There were 2 thing I prayed for in the cab after that. 1. Not to vomit. 2. Not to cry.

Sunday, September 20, 2009

Resigned

Last week, I handed in my resignation letter.

That sucked.

I walked to the principals office twice before handing it in. Denial.

To most, it doesn't seem like a big deal. To me, it felt like it was the end of something truly incredible.

I was one of those lucky people that had a career that I absolutely adored. Being an art teacher at a public school in NYC is a dream come true. Making that dream come true of switching careers wasn't easy of course. Rich and I both made some temporary sacrifices that allowed me to get my masters in education to make this dream possible.

Teaching art daily to children under the age of 10 was heavenly. Not only do I have a thirst for art, but I adore children. They fascinate me. They entertain me. But most of all, they teach me.

Being a teacher is so much more than teaching a subject matter. Its about socializing children and showing them the human-ness in our world. It's about raising kids to be good, and being the best person they can be. Its about love, honesty, emotions, communication, and being a good role model to children.

On a daily basis I have helped children work out disputes, understand their emotions and behavior, helped children talk about familial issues, and encouraging friendship with each other.
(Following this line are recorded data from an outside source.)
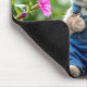 Ein niedlicher, in blauen Leuchten gekleideter Hase ist umgeben von lebhaften rosa Petunia-Blume und schafft so eine charmante und charmante Szene
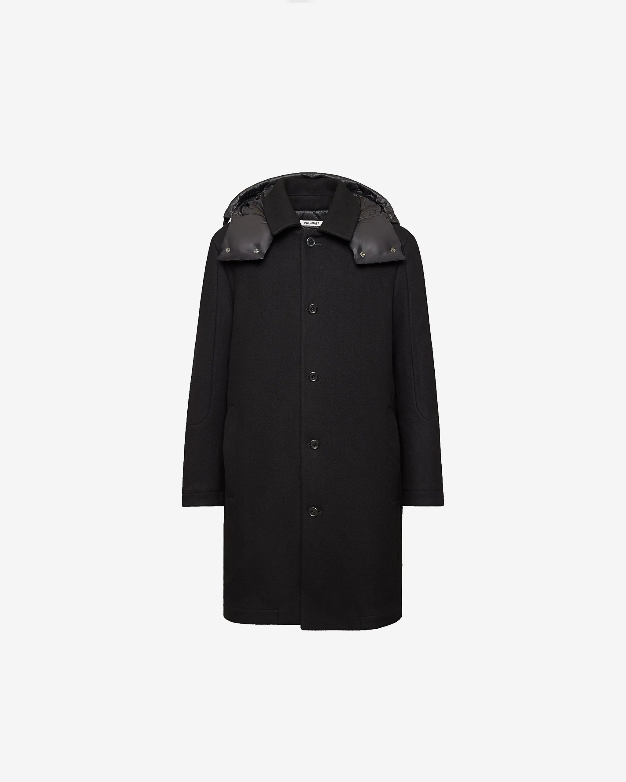 Wool Coat with Nylon Details Black PR400100
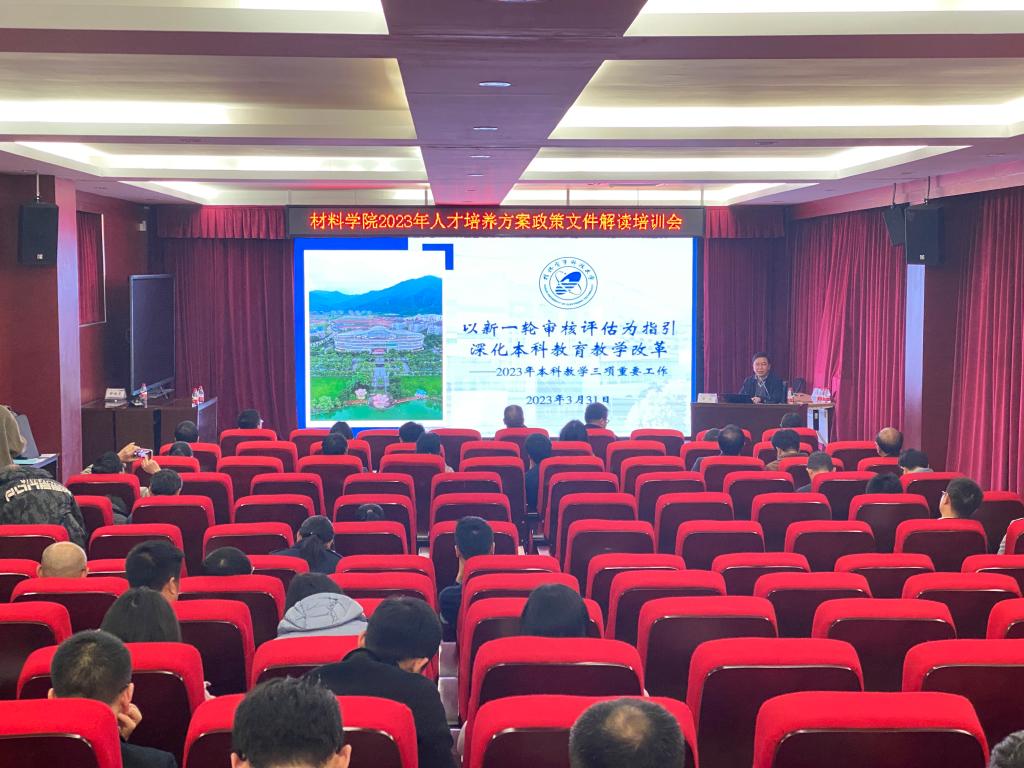 为落实立德树人根本任务,进一步提高人才培养质量,扎实做好2023版本科人才培养方案修订工作,3月31日下午材料学院在1教106会议室举行了全院教工大会,邀请教务处处长常亮教授为我院职工进行学校《2023版人才培养方案》政策文件解读培训。会议由学院副院长钟燕主持。
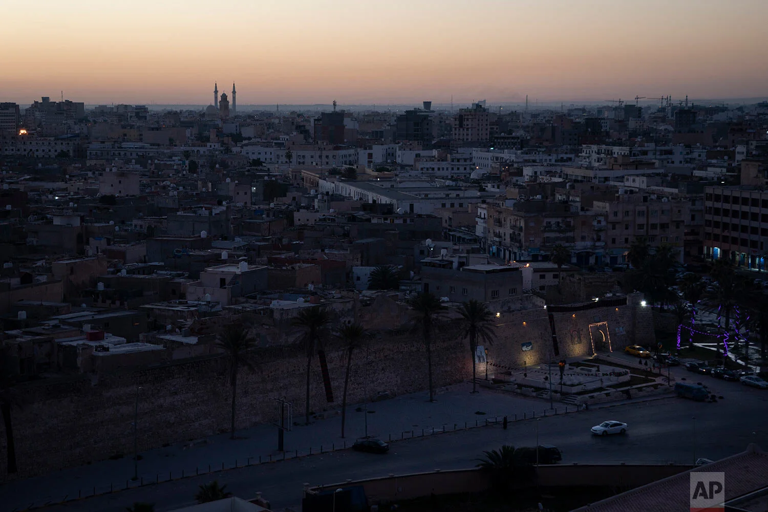 The walls surrounding the Old City are illuminated before sunrise in Tripoli, Libya, Feb. 29, 2020. (AP Photo/Felipe Dana)
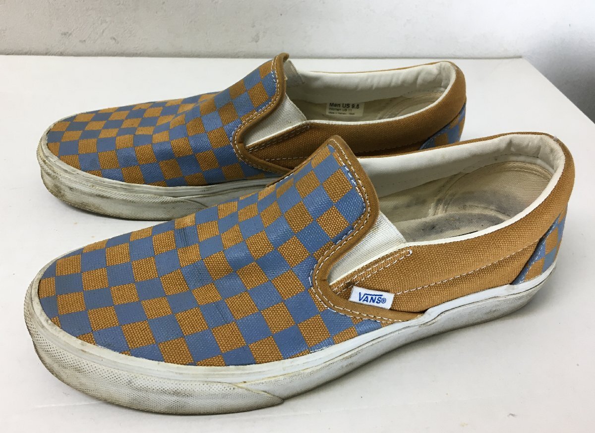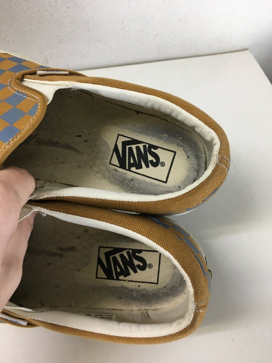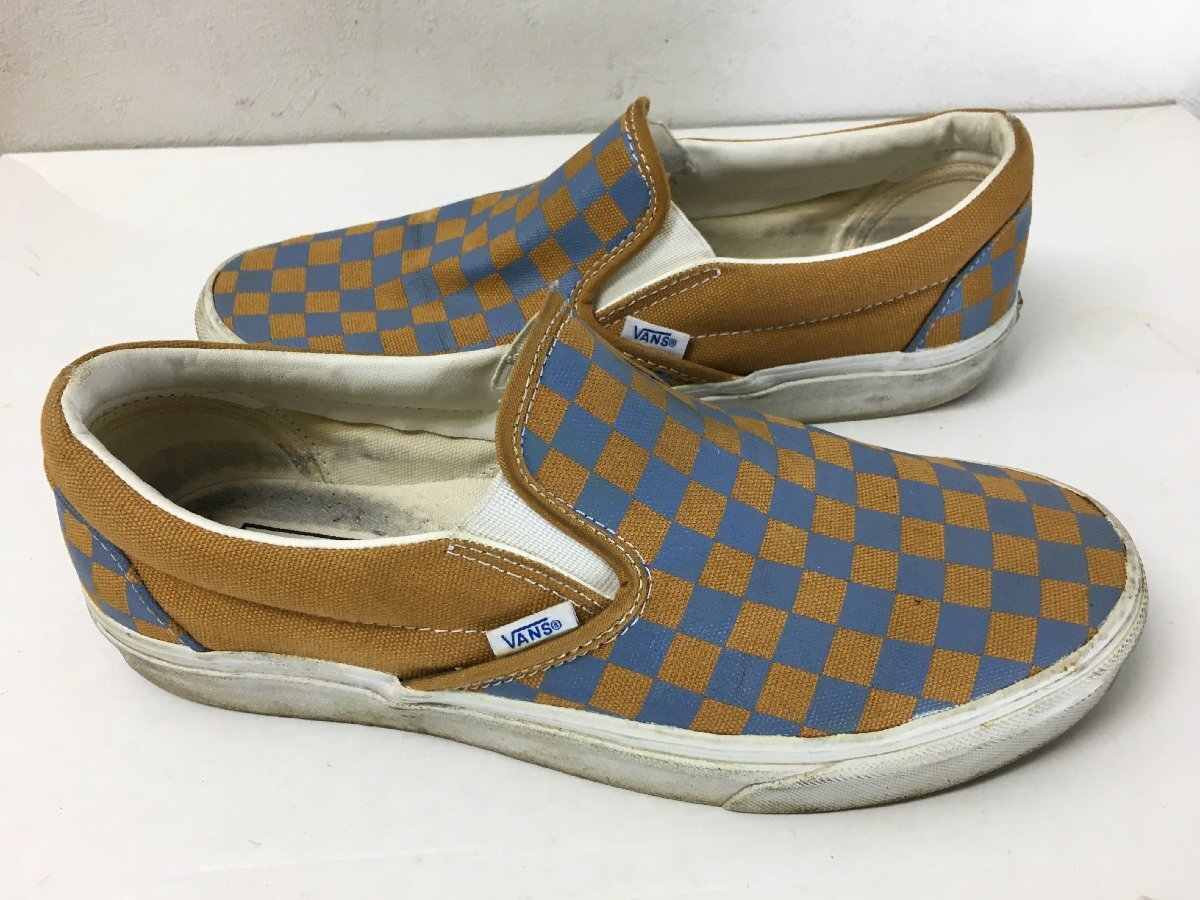 ◆ ◆VANS バンズ classic SLIP ON チェッカー フラッグ スニーカー マスタードグレー系 サイズ9.5 27.5cm

I have taught lessons not just on art, but about sharing, being kind, respecting one another, and communication.

During my years at PS 6, a beloved colleague, Eric Dutt, passed away. He was our science teacher, and was loved by all. When the students were told of his passing, grief and sadness poured through our classrooms like a tidal wave. All of us, were hit hard by this loss. The hardest part was consoling our children and trying to answer their many questions, while we ourselves were devastated and pained from the loss of our friend. The children were so young, and most had never experienced death before. The art room turned into a safe room, where students could come in and grieve, or talk about Eric and their feelings. As a teacher, I felt absolutely unprepared to help these children. They looked to us for answers with tears in their eyes.... There was nothing in a book, or an education class that could prepare you for this. Most of the time, a long lasting hug was the only answer we could offer.

My goal as an art teacher was to excite students about art and make everyone feel successful. My goal in the art room was to create a safe environment and a sacred space that encouraged creativity.

However, the thing that always meant the most to me...was for each child to know that I cared. When I told my 500 students that I was moving to Africa, a student raised her hand and said, 'But Ms. Valdmanis, nobody is going to love us like you did'.

I know now that I can't walk out those big red doors on Wednesday, knowing that I made a difference.